---------- INPUT RECORDS

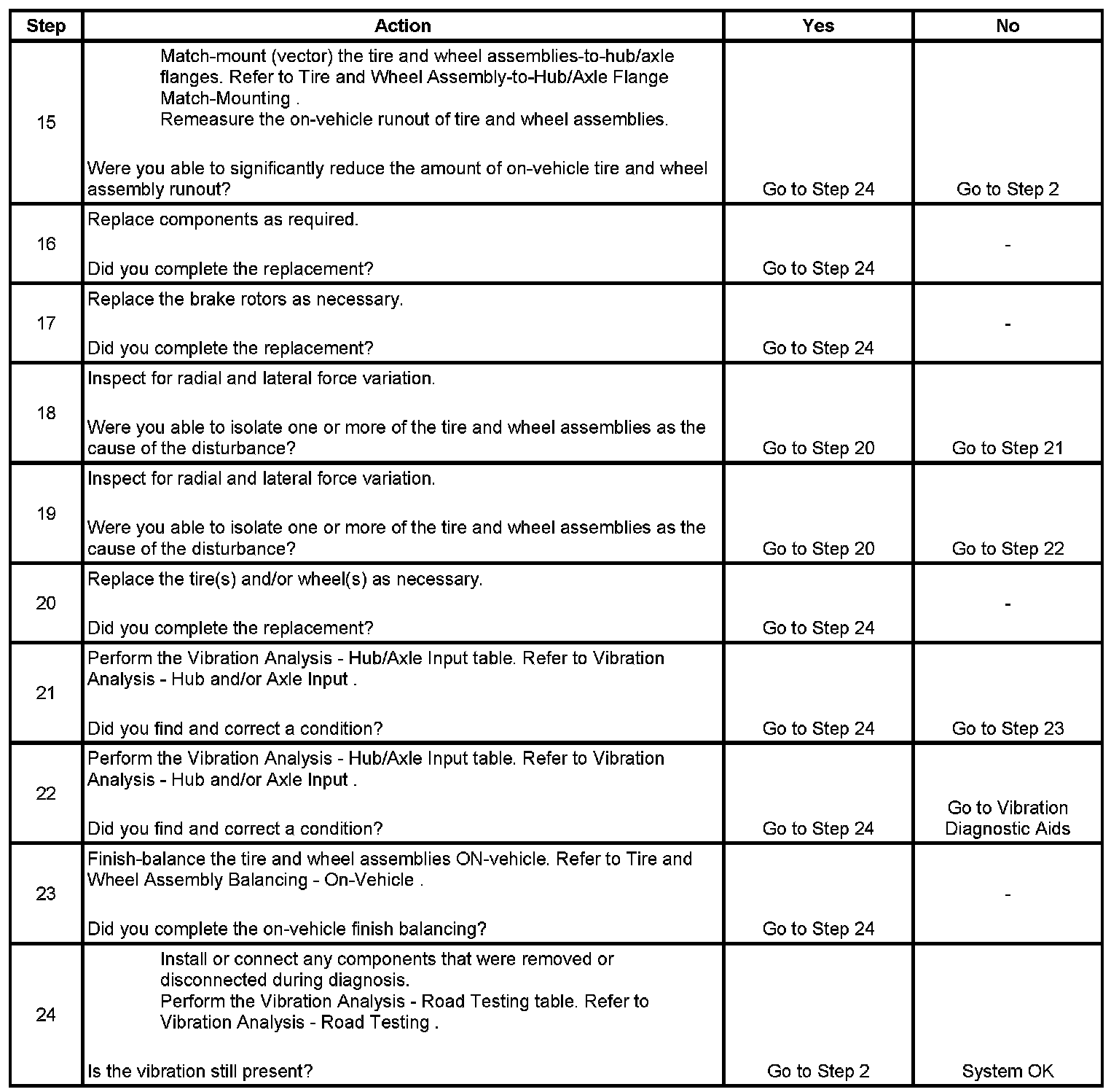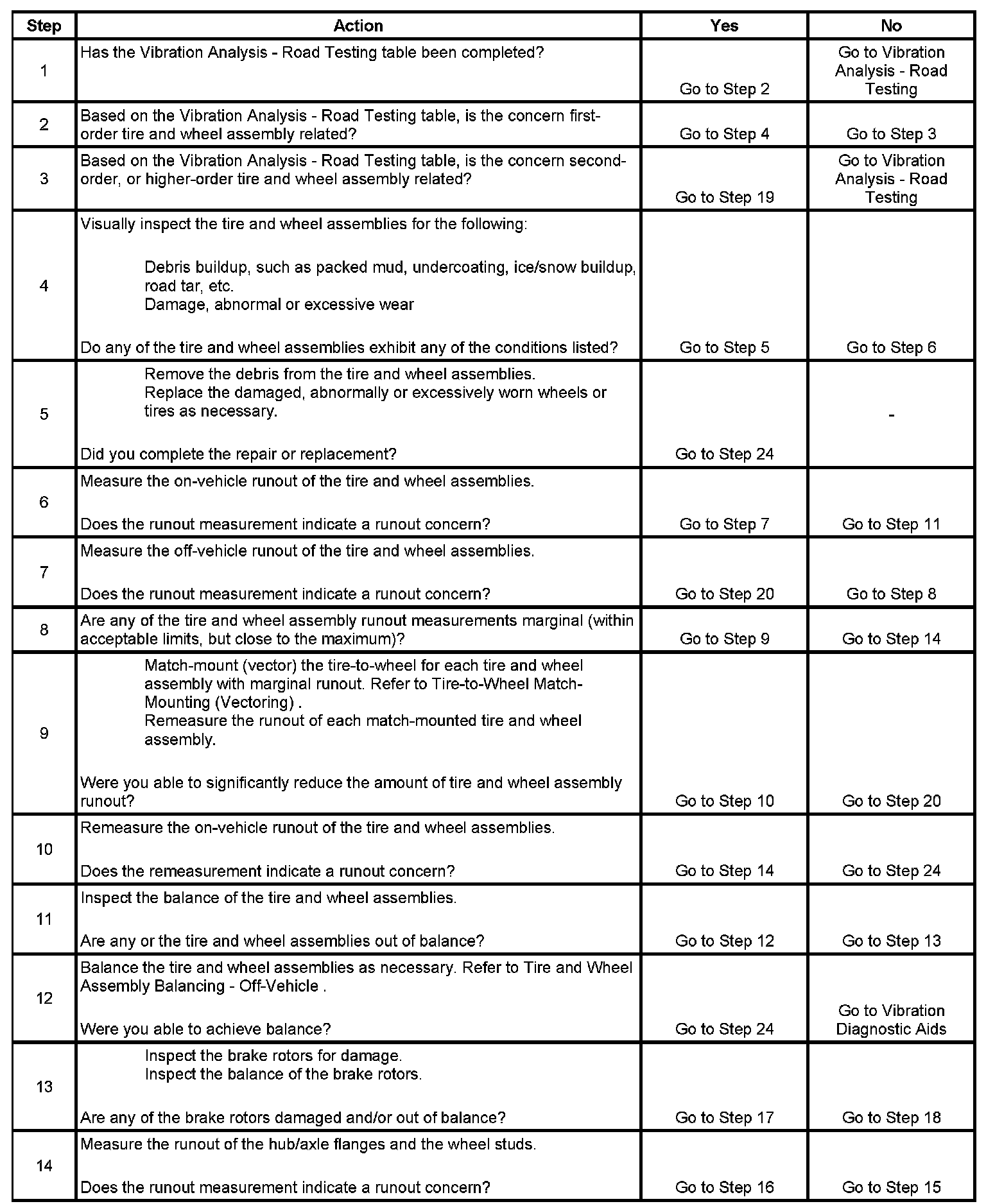 7. Tire and wheel assemblies that exhibit excessive runout when measured off of the vehicle could cause a vibration disturbance.
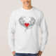 Corazón rojo pintado de forma artística con alas de ángel gris, decorado con un contorno suave negro.
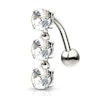 A barra recta deste piercing mede cerca de 10 mm de comprimento. A bola superior é uma bonita zirconia, igual às duas que suspendem dela, que ao estarem integradas numa corrente, acompanharam os movimentos do seu corpo.
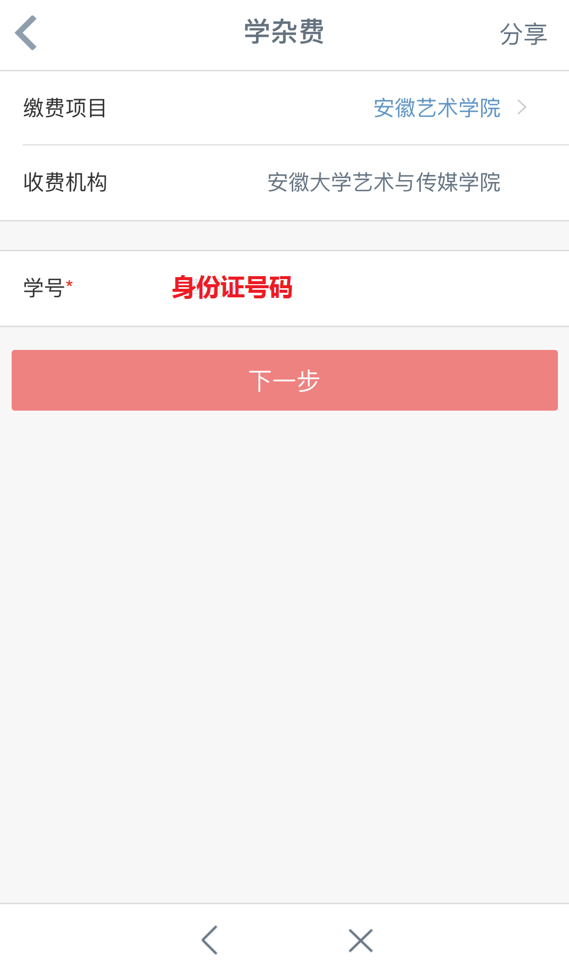4.缴费项目选择金沙集团888881,学号填写学生本人身份证号码,点击下一步。
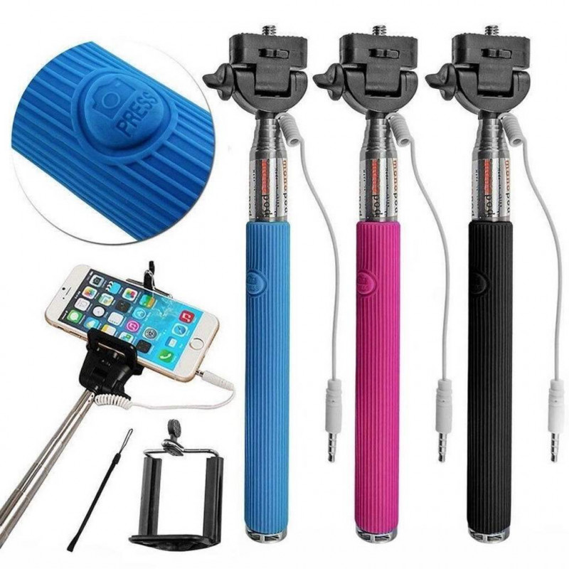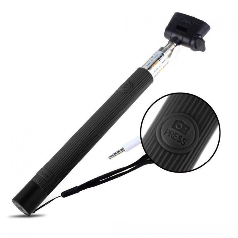 Его основным преимуществом перед моноподом bluetooth является тот факт, что его не нужно заряжать! Просто бросил в сумку и пошел! Для того, чтобы его начать использовать необходимо подсоединить провод в разъем наушников, после чего нажимайте кнопку на ручке монопода и делайте снимки!
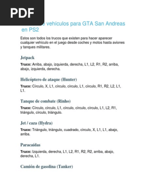 Trucos de Vehículos para GTA San Andreas en PS2 | PDF | Aviación | Vehículos
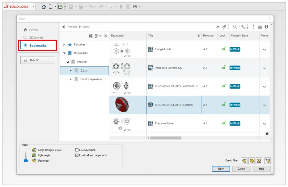 For more recommendations related to working with Bookmark folders in SOLIDWORKS Design, please refer to the adoption guide section titled Basic SOLIDWORKS File Management.
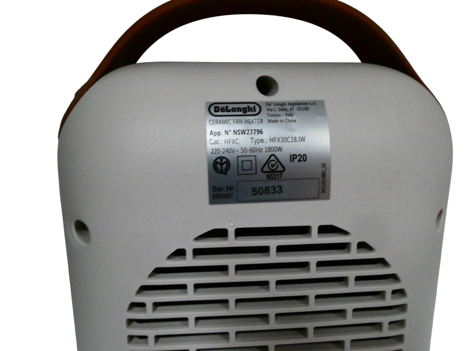 De'Longhi Capsule Fan Heater, Self-Regulating Ceramic Heater HFX30C18.IW, Ivory
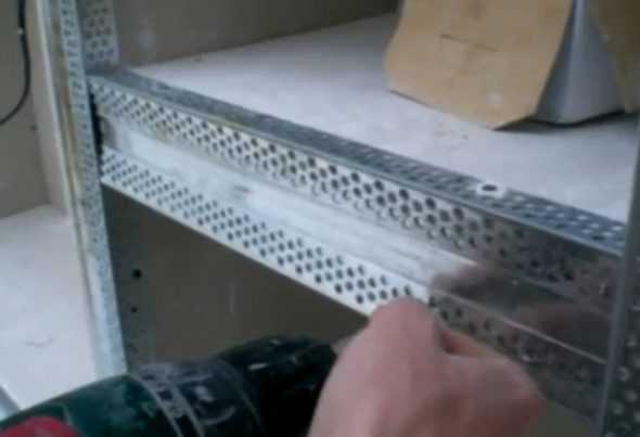 - Наружные углы шкафа-купе в обязательном порядке укрепляются металлическим перфорированным уголком, посаженным на ту же шпаклевку. Армирование необходимо, поскольку конструкцию в любом случае кто-нибудь, да зацепит.
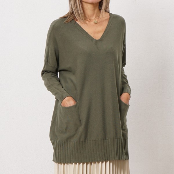 camisola em tricôt c/ mangas em ganga
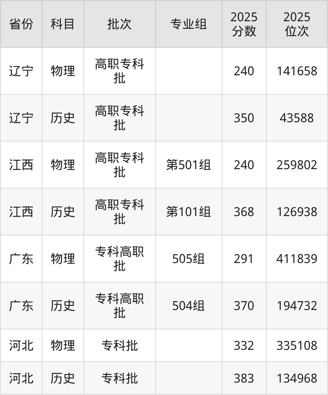 普通类专科物理类最低254分,专科历史类最低259分
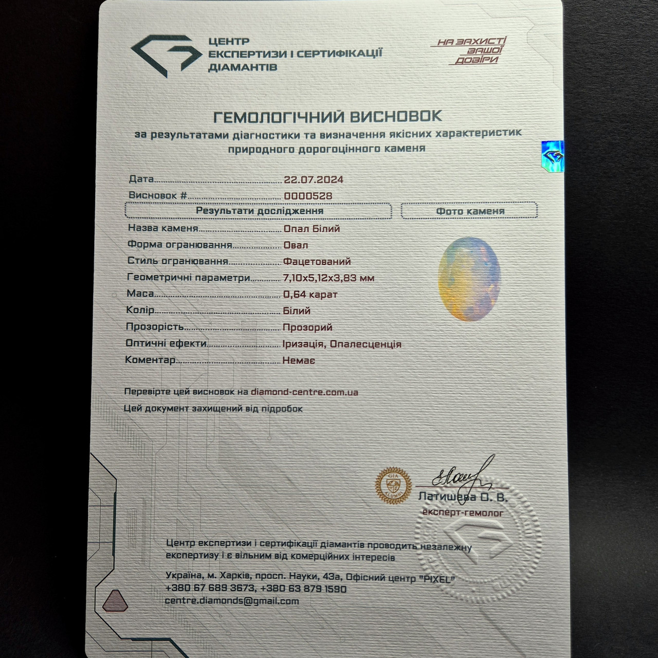 - Камені: природний опал з Ефіопії, — фото документу, що підтверджує природне походження каменю представлене в описі нижче (гемологічний сертифікат до кулона не додається, але за Вашим бажанням можемо доповнити таким документом саме Ваш кулон. Вартість послуги — від 1000 грн). Докладніше про гемологічну експертизу можна прочитати тут.
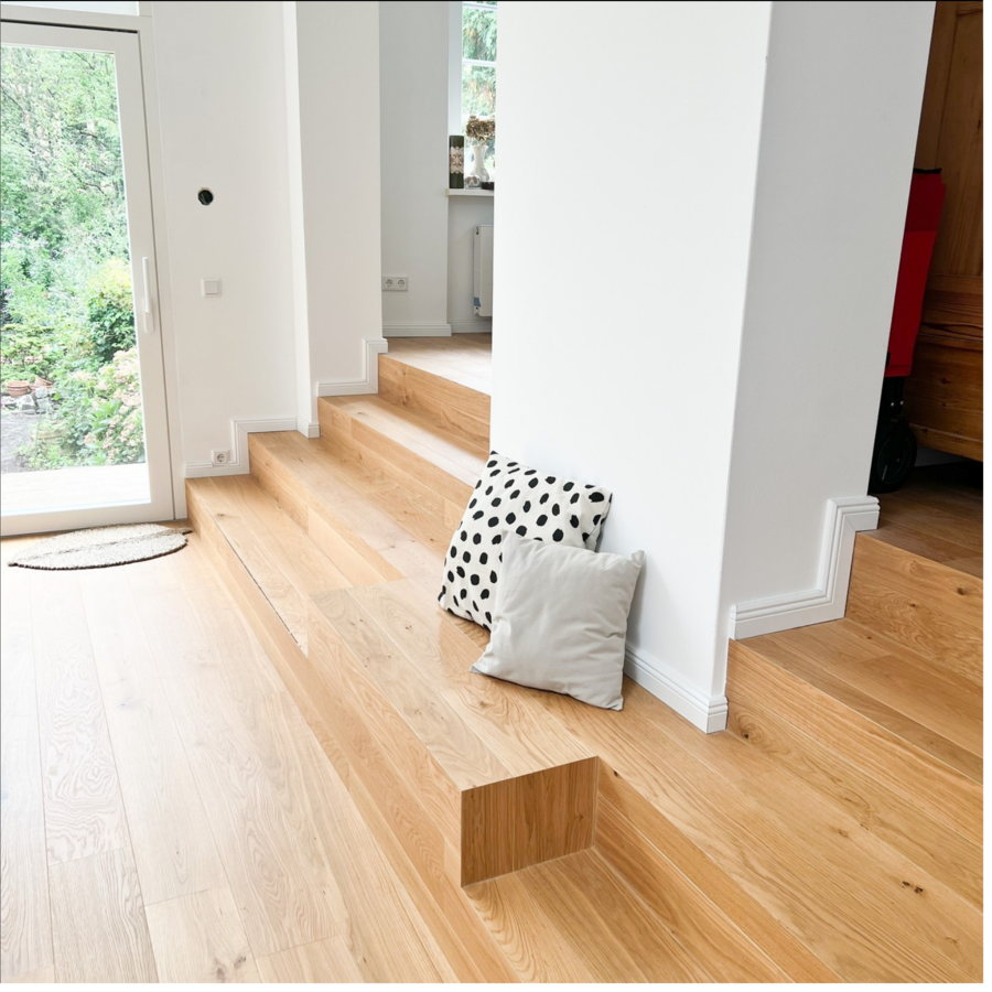 Durch eine schöne Treppe, die Sitz- und Gehstufen kombiniert, wird unser altes Häuschen mit dem Anbau verbunden.
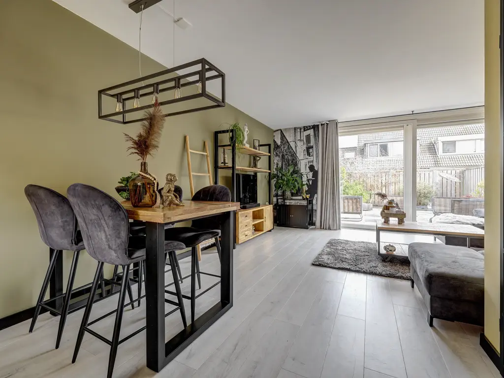 Begane grond: Via de entree/hal met meterkast (2022), modern zwevend toilet en trapopgang naar de eerste verdieping betreedt u deze fijne woning. Bij binnenkomst valt direct de prachtige stalen deur van GERS op, die toegang geeft tot de ruime en heerlijk lichte woonkamer. Deze leefruimte ademt sfeer en comfort en nodigt uit tot ontspannen momenten met familie en vrienden. De woonkamer is afgewerkt met een nette laminaatvloer, beschikt over een praktische voorraadkast en staat via de schuifpui in directe verbinding met de zonnige achtertuin. Hier geniet u volop van privacy en rust een heerlijke plek om in de zomer lange avonden buiten door te brengen.

--------------------

Although the records above contain pictures, the copy should not; retype exactly the lines from the one containing "De'Longhi Capsule Fan" through the one containing "- Камені: природний".

 De'Longhi Capsule Fan Heater, Self-Regulating Ceramic Heater HFX30C18.IW, Ivory
 - Наружные углы шкафа-купе в обязательном порядке укрепляются металлическим перфорированным уголком, посаженным на ту же шпаклевку. Армирование необходимо, поскольку конструкцию в любом случае кто-нибудь, да зацепит.
 camisola em tricôt c/ mangas em ganga
 普通类专科物理类最低254分,专科历史类最低259分
 - Камені: природний опал з Ефіопії, — фото документу, що підтверджує природне походження каменю представлене в описі нижче (гемологічний сертифікат до кулона не додається, але за Вашим бажанням можемо доповнити таким документом саме Ваш кулон. Вартість послуги — від 1000 грн). Докладніше про гемологічну експертизу можна прочитати тут.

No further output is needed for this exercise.